Dari Kerangka Berfikir diatas peneliti dapat memberikan penjelasan dengan skema sebagai sberikut : Kondisi Awal Peneliti belum memanfaatkan alat peraga Keaktifan, kreatifitas, keterlibatan dalam proses pembelajaran dan penguasaan siswa terhadap materi pelajaran rendah.
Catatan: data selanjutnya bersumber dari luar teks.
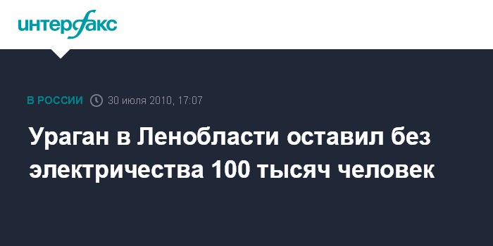 Cанкт-Петербург. 30 июля. INTERFAX.RU - В Ленинградской области в результате урагана без электричества остались около 132 тысяч человек, сообщает пресс-служба регионального МЧС.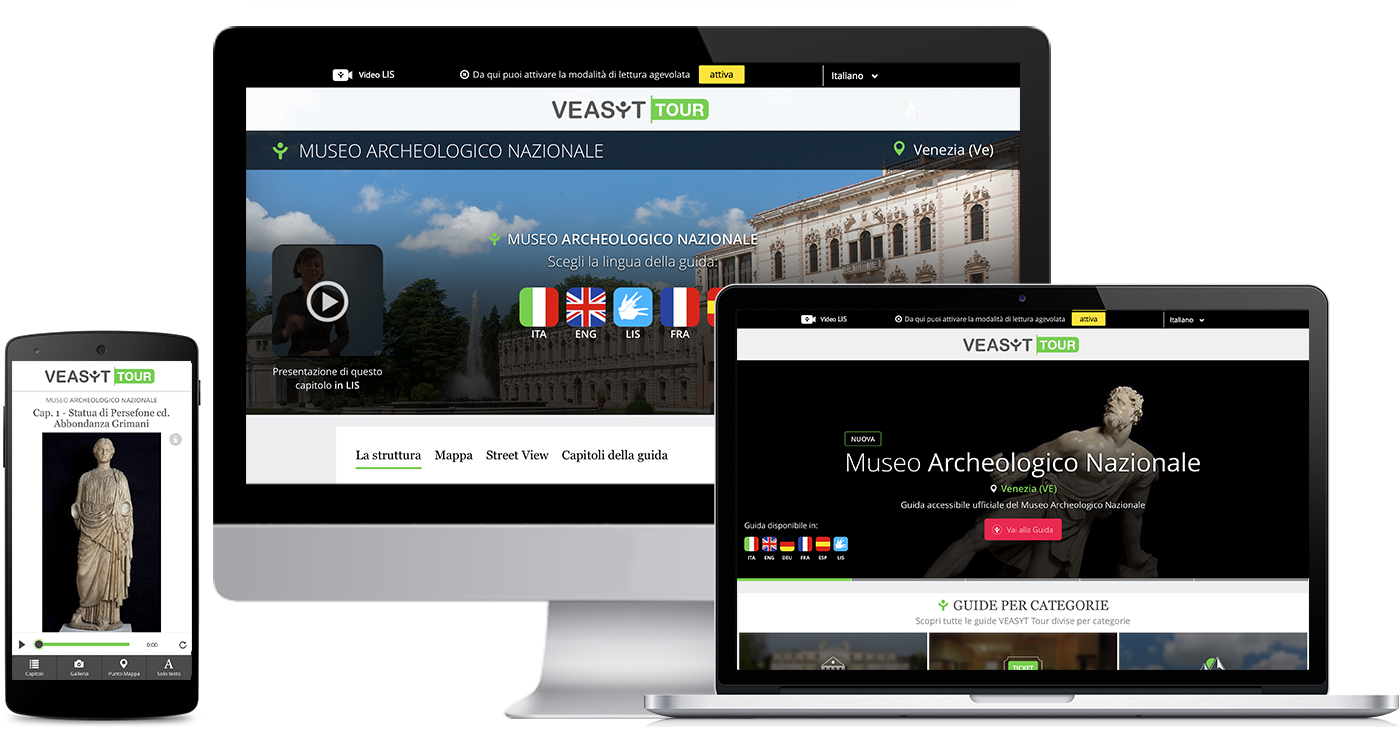 VEASYT Tour è la guida multimediale accessibile, che permette a tutti i visitatori (anche con disabilità sensoriali o linguistiche) di accedere in modo completo e autonomo a contenuti culturali o informativi su città d’arte, musei, ville, parchi, percorsi enogastronomici o naturalistici. I contenuti sono consultabili in modalità testuale, audio e video in lingua dei segni.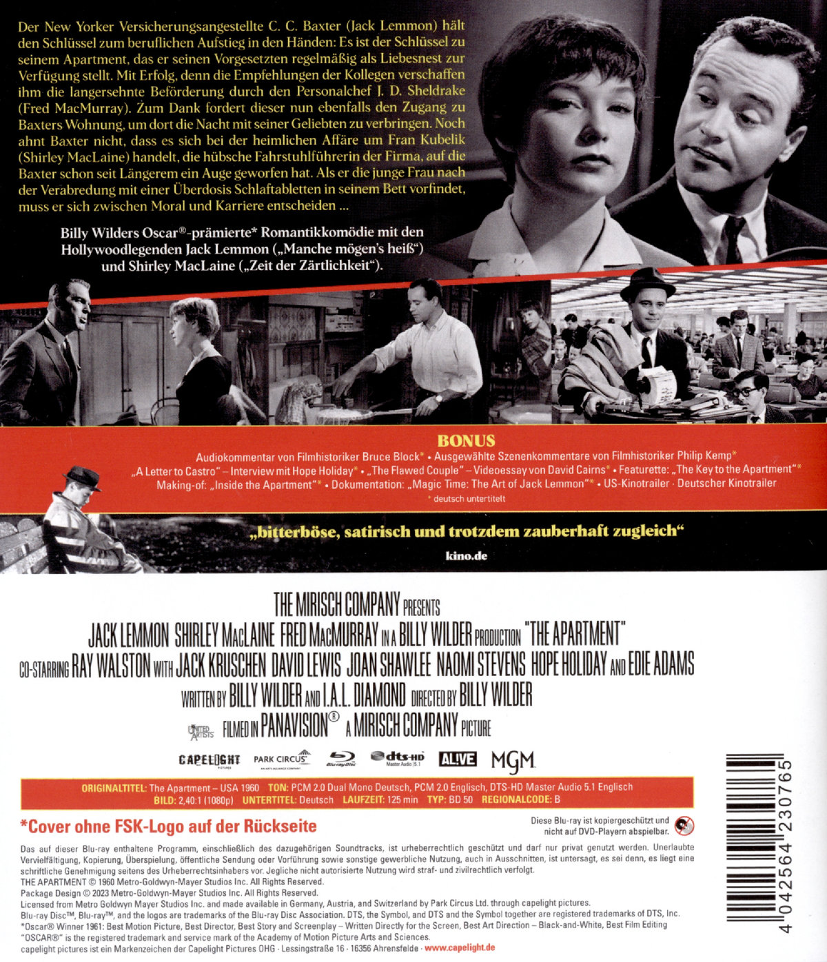 Bonus (deutsch untertitelt): Audiokommentar von Filmhistoriker Bruce Block; Ausgewählte Szenenkommentare von Filmhistoriker Philip Kemp; "A Letter to Castro" – Interview mit Hope Holiday; "The Flawed Couple" – Videoessay von David Cairns; Featurette: "The Key to the Apartment"; Making-of: "Inside the Apartment"; Dokumentation: "Magic Time: The Art of Jack Lemmon"; US-Kinotrailer; Deutscher Kinotrailer; 24-seitiges Booklet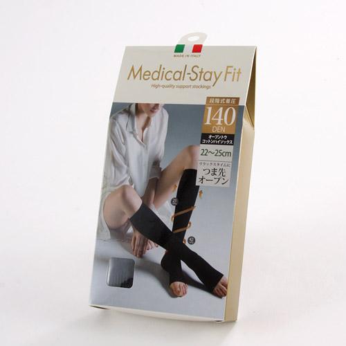 【送料無料】【Medical−Stay Fit】メディカルステイフィット オープントゥ コットン着圧ハイソックス 140デニール ブラック 22~25cm 膝下丈(靴下 超強力 強圧コットン 段階式着圧 引き締め効果 美脚) 【メール便対応】※送料込み価格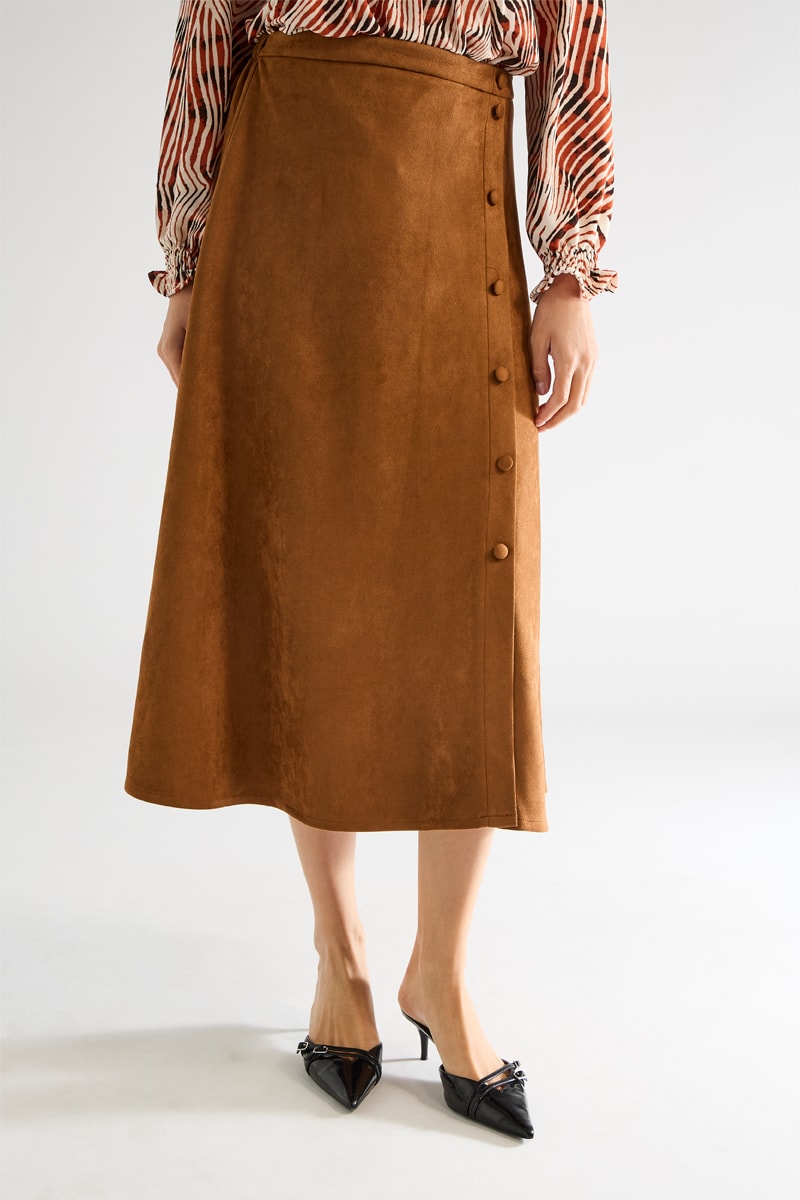 Falda midi de talle alto - Marrón claro

Tindakan Kondisi Akhir Peneliti sudah memanfaatkan alat peraga Diduga melalui pemanfaatan peraga dan model pembelajaran problem posing dapat meningkatkan aktivitas dan penguasaan siswa. Siklus I Peneliti memanfaatkan peraga secara konvensional, belum menggunakan model pembelajaran Problem Posing Siklus 2 Guru memanfaatkan alat peraga dengan menggunakan model Problem Posing Gambar 1. Kerangka Pikir 2.6. Hipotesis Tindakan Berdasarkan rumusan masalah dan kerangka berpikir diatas dapat dirumuskan hipotesis tindakan sebagai berikut : 2.6.1 Melalui model pembelajaran problem posing, keaktifan, kreativitas melakukan proses, keterlibatan siswa dalam proses pembelajaran pemebelajaran dan penguasaan siswa terhadap materi pelajaran Matematika indicator hubungan kesetaraan antar satuan berat dapat ditingkatkan.